Task description
Could you output the listing that follows exactly, without its images?

Given material
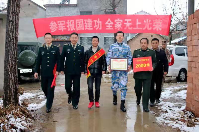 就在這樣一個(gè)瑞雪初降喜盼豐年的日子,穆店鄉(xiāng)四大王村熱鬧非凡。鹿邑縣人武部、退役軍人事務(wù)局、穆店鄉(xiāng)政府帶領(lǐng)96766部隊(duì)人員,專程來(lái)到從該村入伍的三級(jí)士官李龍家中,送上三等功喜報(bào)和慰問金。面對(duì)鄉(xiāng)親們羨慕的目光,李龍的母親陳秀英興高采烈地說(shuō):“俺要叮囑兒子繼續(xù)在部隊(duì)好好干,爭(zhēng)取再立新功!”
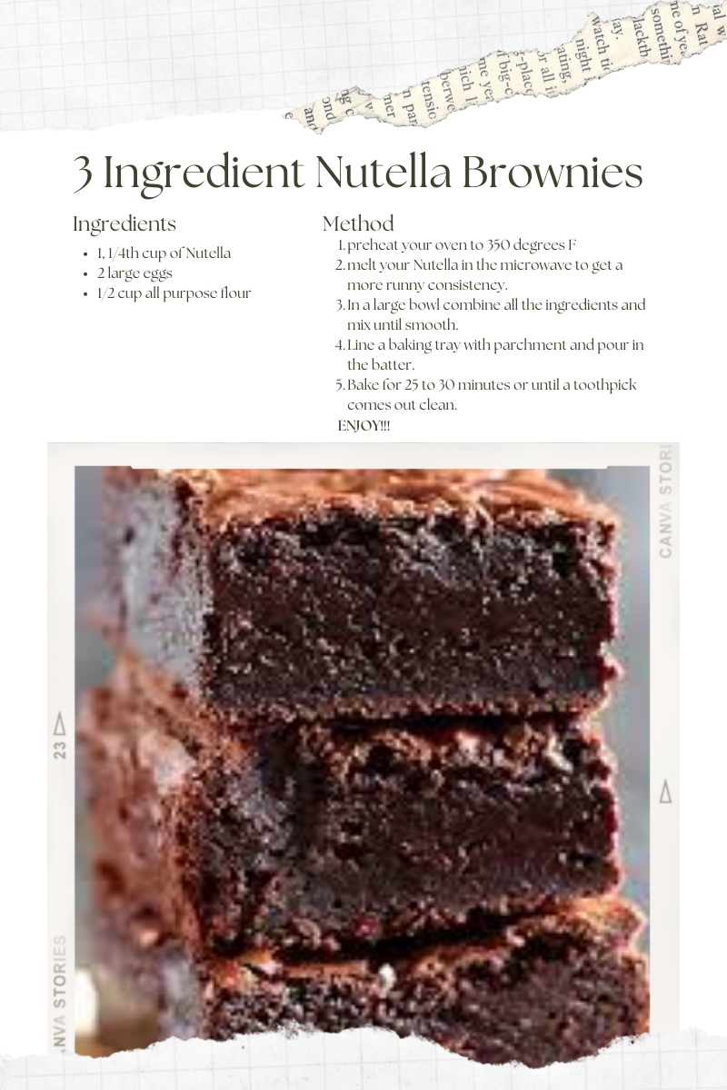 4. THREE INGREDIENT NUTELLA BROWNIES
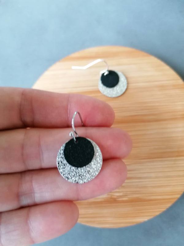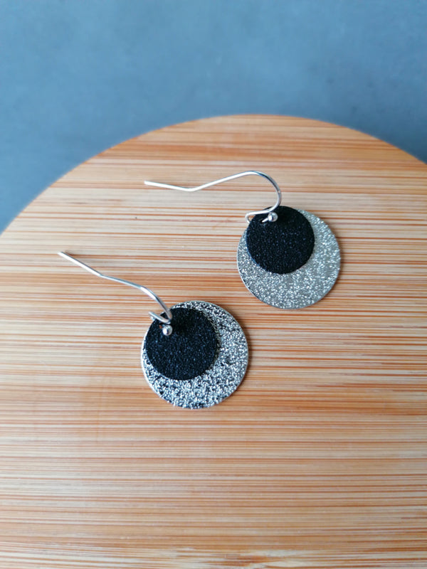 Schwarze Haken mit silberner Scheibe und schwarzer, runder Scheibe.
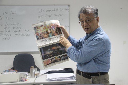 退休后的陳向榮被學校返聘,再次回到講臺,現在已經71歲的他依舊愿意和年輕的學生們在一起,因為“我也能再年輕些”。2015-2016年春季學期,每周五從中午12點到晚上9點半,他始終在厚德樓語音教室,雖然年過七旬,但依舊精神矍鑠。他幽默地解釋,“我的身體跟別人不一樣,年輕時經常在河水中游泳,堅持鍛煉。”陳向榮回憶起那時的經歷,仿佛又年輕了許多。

Solution to the exercise
 就在這樣一個(gè)瑞雪初降喜盼豐年的日子,穆店鄉(xiāng)四大王村熱鬧非凡。鹿邑縣人武部、退役軍人事務(wù)局、穆店鄉(xiāng)政府帶領(lǐng)96766部隊(duì)人員,專程來(lái)到從該村入伍的三級(jí)士官李龍家中,送上三等功喜報(bào)和慰問金。面對(duì)鄉(xiāng)親們羨慕的目光,李龍的母親陳秀英興高采烈地說(shuō):“俺要叮囑兒子繼續(xù)在部隊(duì)好好干,爭(zhēng)取再立新功!”
 4. THREE INGREDIENT NUTELLA BROWNIES
 Schwarze Haken mit silberner Scheibe und schwarzer, runder Scheibe.
 退休后的陳向榮被學校返聘,再次回到講臺,現在已經71歲的他依舊愿意和年輕的學生們在一起,因為“我也能再年輕些”。2015-2016年春季學期,每周五從中午12點到晚上9點半,他始終在厚德樓語音教室,雖然年過七旬,但依舊精神矍鑠。他幽默地解釋,“我的身體跟別人不一樣,年輕時經常在河水中游泳,堅持鍛煉。”陳向榮回憶起那時的經歷,仿佛又年輕了許多。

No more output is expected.